» DATA EXTRACT:
☆ ☆ ☆ ☆ ☆

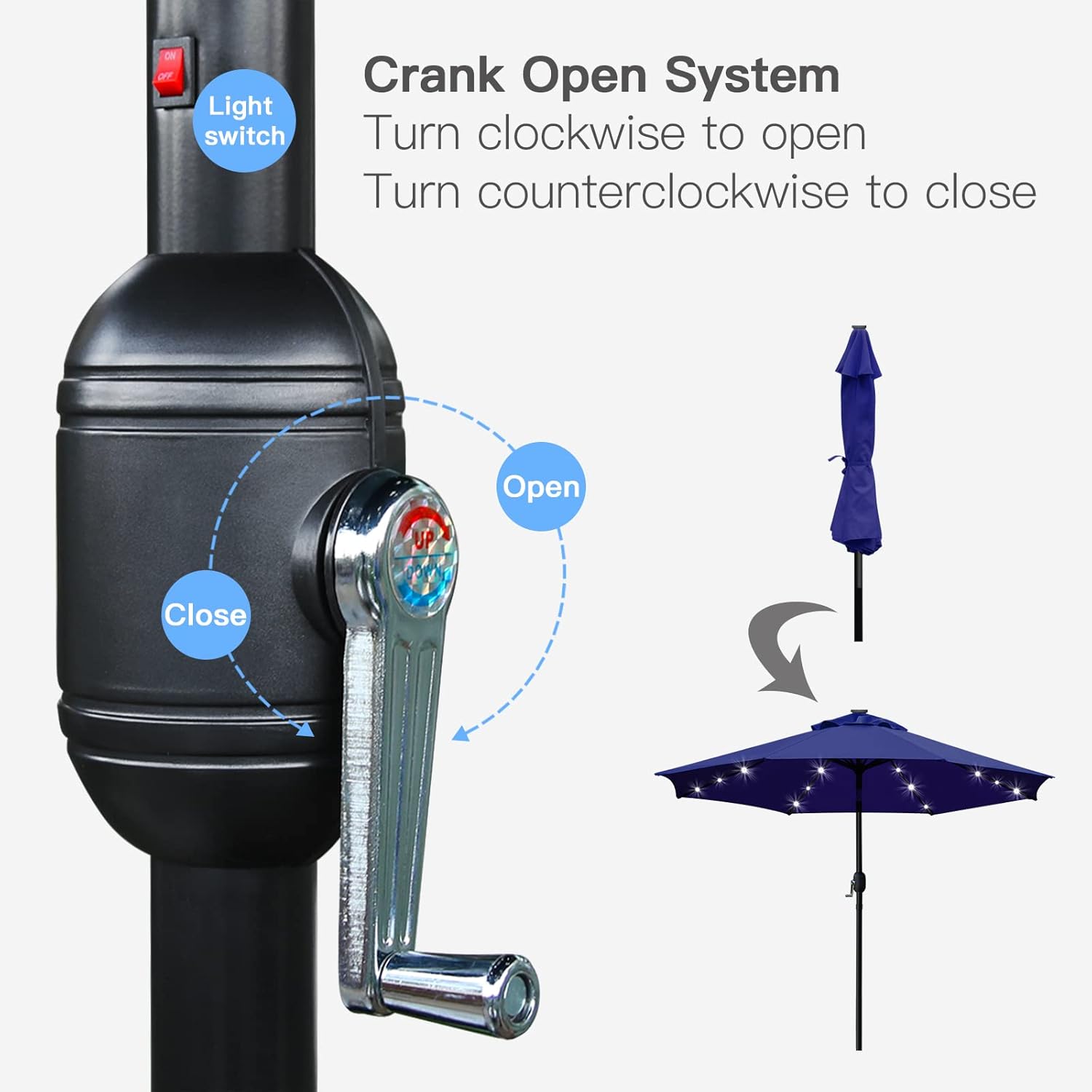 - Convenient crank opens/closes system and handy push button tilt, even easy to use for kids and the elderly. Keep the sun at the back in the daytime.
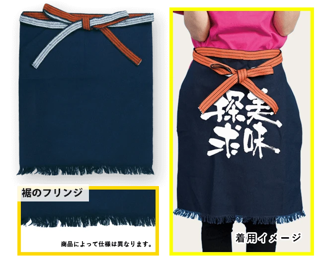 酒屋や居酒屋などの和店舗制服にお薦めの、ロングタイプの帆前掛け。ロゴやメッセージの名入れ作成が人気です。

☆ ☆ ☆ ☆ ☆

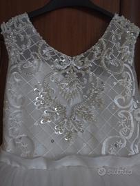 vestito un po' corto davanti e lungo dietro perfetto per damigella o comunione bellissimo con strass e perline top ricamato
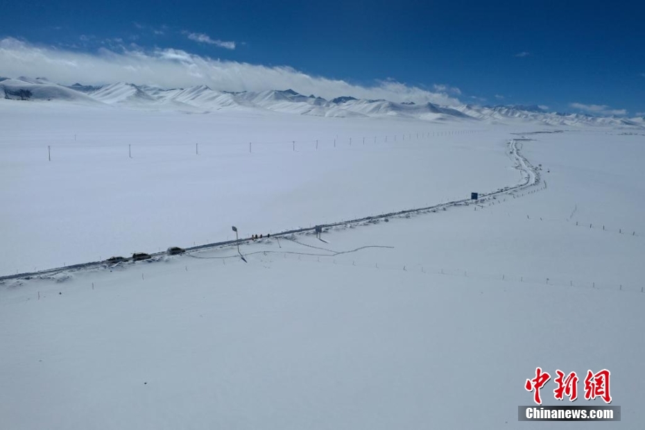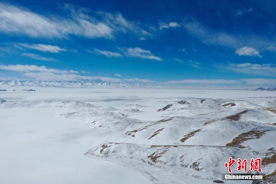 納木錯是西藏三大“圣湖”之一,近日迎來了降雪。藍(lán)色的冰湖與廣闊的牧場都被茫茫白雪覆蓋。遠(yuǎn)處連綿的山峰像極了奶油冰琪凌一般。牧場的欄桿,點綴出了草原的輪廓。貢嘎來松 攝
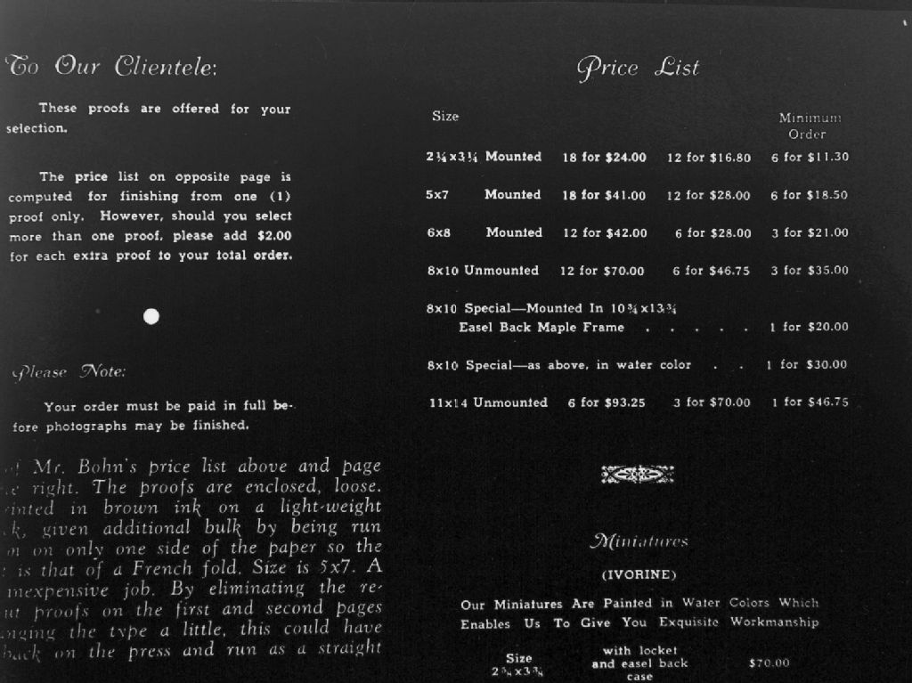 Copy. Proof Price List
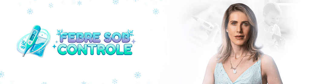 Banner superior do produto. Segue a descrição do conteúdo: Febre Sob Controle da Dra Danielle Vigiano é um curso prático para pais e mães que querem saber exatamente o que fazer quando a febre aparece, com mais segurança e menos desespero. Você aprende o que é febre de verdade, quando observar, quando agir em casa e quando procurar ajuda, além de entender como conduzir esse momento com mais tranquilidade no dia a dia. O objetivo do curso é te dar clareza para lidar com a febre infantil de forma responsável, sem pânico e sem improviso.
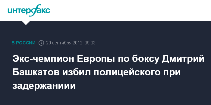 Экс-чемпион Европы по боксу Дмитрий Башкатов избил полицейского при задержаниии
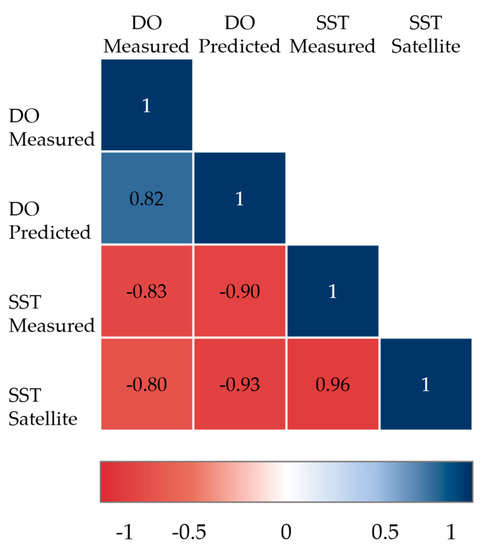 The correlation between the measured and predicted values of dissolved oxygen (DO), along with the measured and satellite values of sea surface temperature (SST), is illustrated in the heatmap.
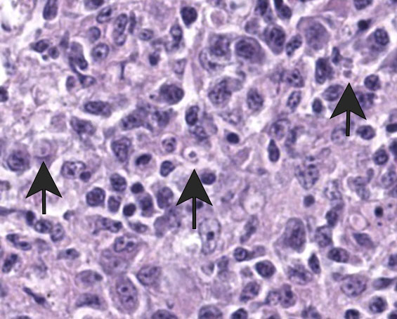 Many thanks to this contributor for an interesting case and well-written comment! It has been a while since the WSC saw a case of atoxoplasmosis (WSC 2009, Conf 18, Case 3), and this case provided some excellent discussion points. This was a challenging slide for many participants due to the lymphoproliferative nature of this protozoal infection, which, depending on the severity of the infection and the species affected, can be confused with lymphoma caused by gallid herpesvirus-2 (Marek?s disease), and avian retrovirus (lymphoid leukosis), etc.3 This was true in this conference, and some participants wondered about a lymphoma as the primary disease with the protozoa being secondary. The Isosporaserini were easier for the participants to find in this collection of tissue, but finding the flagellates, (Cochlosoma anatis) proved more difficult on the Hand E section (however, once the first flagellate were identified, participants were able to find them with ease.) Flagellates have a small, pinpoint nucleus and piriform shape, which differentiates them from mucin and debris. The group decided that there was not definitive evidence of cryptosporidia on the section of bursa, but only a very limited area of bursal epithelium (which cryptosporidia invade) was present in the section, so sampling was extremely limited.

☆ ☆ ☆ ☆ ☆

» EXERCISE OBJECTIVE: Copy only these lines from the records above, exactly: the one with "- Convenient crank", the one with "酒屋や居酒屋などの和店舗制服", and those between. Skip the pictures.

» OUTPUT OF THE TASK:
 - Convenient crank opens/closes system and handy push button tilt, even easy to use for kids and the elderly. Keep the sun at the back in the daytime.
 酒屋や居酒屋などの和店舗制服にお薦めの、ロングタイプの帆前掛け。ロゴやメッセージの名入れ作成が人気です。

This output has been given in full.